Задумаемся, а что могли в свое время читать по экономической и социальной истории, особенно о неевропейском мире, такие мыслители, как Монтескье, Маркс, да даже еще и Макс Вебер или Шпенглер? В те времена основной упор (и, заметим, интеллектуальный престиж) приходился на углубленное текстологическое знание, особенно религиозного и философского канона. Виртуозное владение мертвыми и современными языками было вознесено на высоты, едва ли возможные сегодня. Политическая история, прежде всего Запада, была подробно изучена по хроникам. Но это была преимущественно история идей и великих личностей, лишь самых верхних уровней общественной организации. При этом археология едва выходила из состояния элементарного поиска сокровищ, востоковедение и антропология «примитивных обществ» создавалась любителями из миссионеров и колониальных офицеров. Мы склонны забывать, что общественным наукам вообще-то пока всего три-четыре поколения от роду, что серьезные результаты, основанные на эмпирических обобщениях, стали реально доступны только к середине XX в.
В биографии известных ученых (как, впрочем, и художников) нередко можно четко вычленить момент озарения, точнее, кристаллизации дотоле неоформленных склонностей и интуитивных интересов. Характерно, что еще до войны, учась в аспирантуре, Мак-Нил избрал совершенно материалистическую и буквально приземленную тему-о роли картофеля в истории Ирландии. Вернувшись с войны, Мак-Нил начинает преподавать в своей чикагской Alma Mater курс по истории Западной цивилизации с античности до современности. Этот курс входил в экспериментальную программу обязательного базового обучения, которую по замыслу нового ректора Университета Чикаго должны были проходить все студенты, от философов до физиков. Замысел был грандиозен – возродить энциклопедизм эпохи Просвещения на уровне знаний XX в. Курсы преподавались совместно группами преподавателей с совершенно разных отделений уни- верситета.( 3*) Мак-Нил, впрочем, выделился сразу способностью к ясному изложению сути того или иного исторического периода и талантом к четкому обобщению. В книге, которую Вы держите в руках, как будто все элементарно просто. Но ради эксперимента, попробуйте-ка писать и читать лекции в стиле Мак-Нила.

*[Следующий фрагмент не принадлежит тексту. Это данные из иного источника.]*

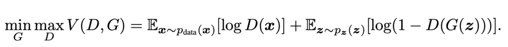 introduction에서 알아본 것 처럼 Generator와 Discriminator는 서로 상반된 입장을 가지고 있습니다. 이러한 상항을 다음과 같은 Function으로 나타낼 수 있습니다.
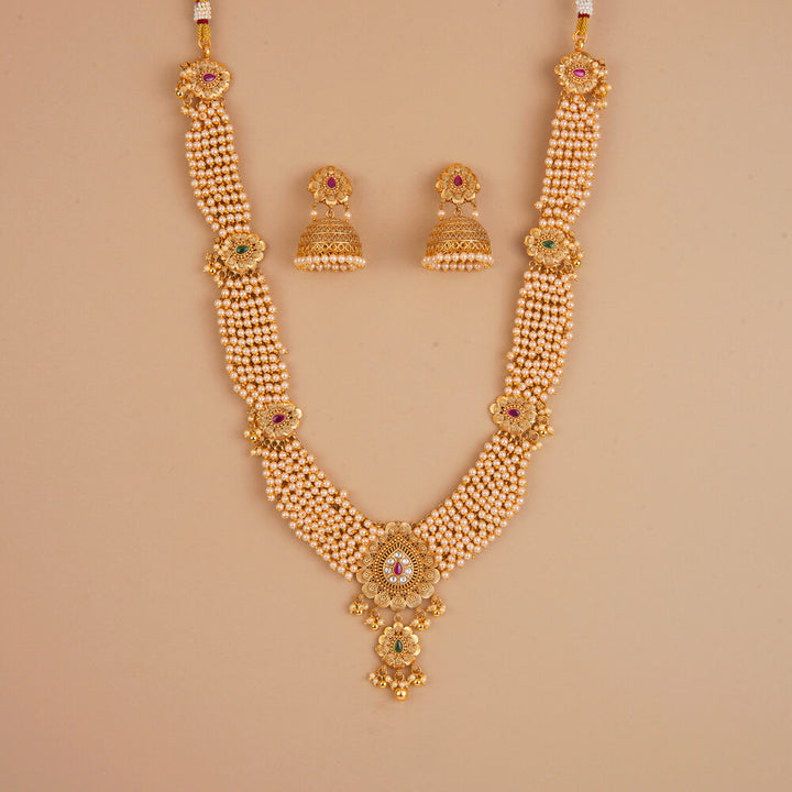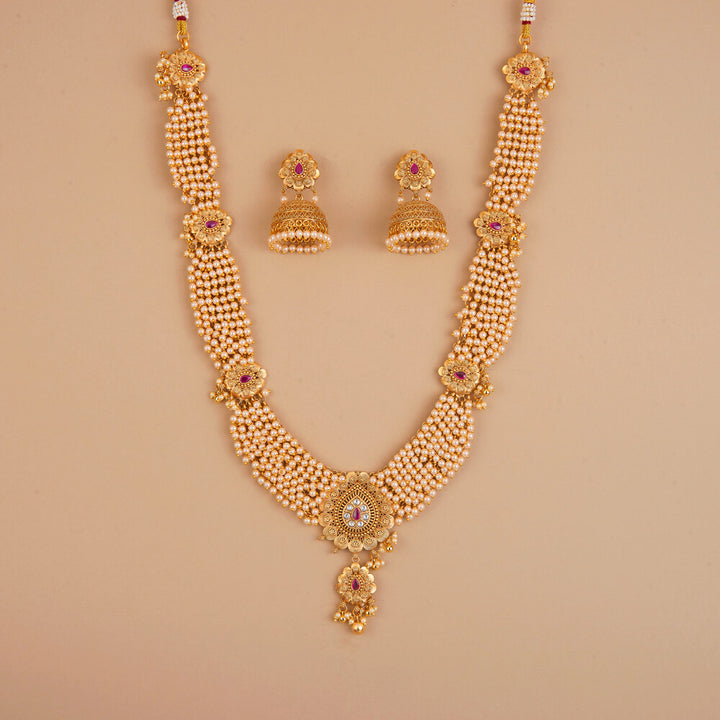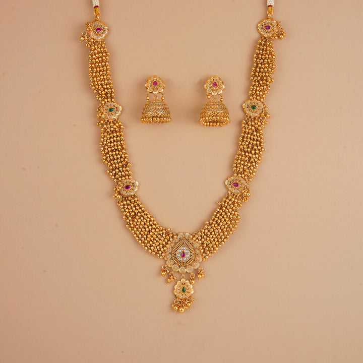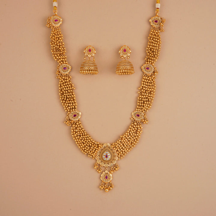 225222 Antique Classic Necklace Set With Matte Gold Plating

В ходе совместного преподавания Мак-Нил знакомится с такими впоследствии важнейшими историками своего поколения, как исламовед Маршалл Ходжсон и исследователь Московского царства Ричард Хелли. В те годы именно Университет Чикаго выдвигается на первое место в США по всем интеллектуальным меркам. Скажем, став отцом семейства, свой первый семейный дом молодой профессор Мак-Нил покупает поблизости от работы, в чикагском Гайд-Парке, у физика Энрико Ферми. Соседом оказался экономист Милтон Фридман, которого Мак-Нил вспоминает как несносно заносчивого доктринера, совершенно не заинтересованного в том, как его идеи соотносятся с историческим опытом. Эти картинки дают некоторое представление о градусе интеллектуального напряжения и статусе той профессиональной среды, в которой работал Мак-Нил.
Момент же кристаллизации наступил, по всей видимости, в 1947- 48 гг., во время командировки Мак-Нила в Англию для работы над книгой о Второй мировой войне и политических событиях в Греции. Ветеран недавней войны и молодой преподаватель из Чикаго оказался под началом самого Арнольда Тойнби, знаменитого историка цивилизаций, который вдобавок еще и приходился родственником жене Мак-Нила. Тойнби оставался полностью историком образца XIX века. В довоенные годы Тойнби предпринял грандиозное многотомное описание всей истории человечества, которую он подразделял на довольно своеобразную номенклатуру цивилизаций (так, Тойнби выделял отдельную Армянскую цивилизацию). Главное же, базовое для его взгляда на мир понятие цивилизации у Тойнби было сродни философско-поэтической метафоре, трактуемой как некая над-личностная органическая сущность, проходящая в своем развитии обычные жизненные фазы: от молодости до старения. К старости самого Тойнби подобные представления уже никак не соотносились с фактами и современным уровнем исторической науки. По свидетельству Мак-Нила, Тойнби это остро переживал, утратил творческую энергию и, вероятно, искал повода отказаться от дописания своего многотомного труда. Но будучи подлинным джентльменом, Тойнби через муки продолжал работу над потерявшей смысл книгой, превратившейся в епитимью.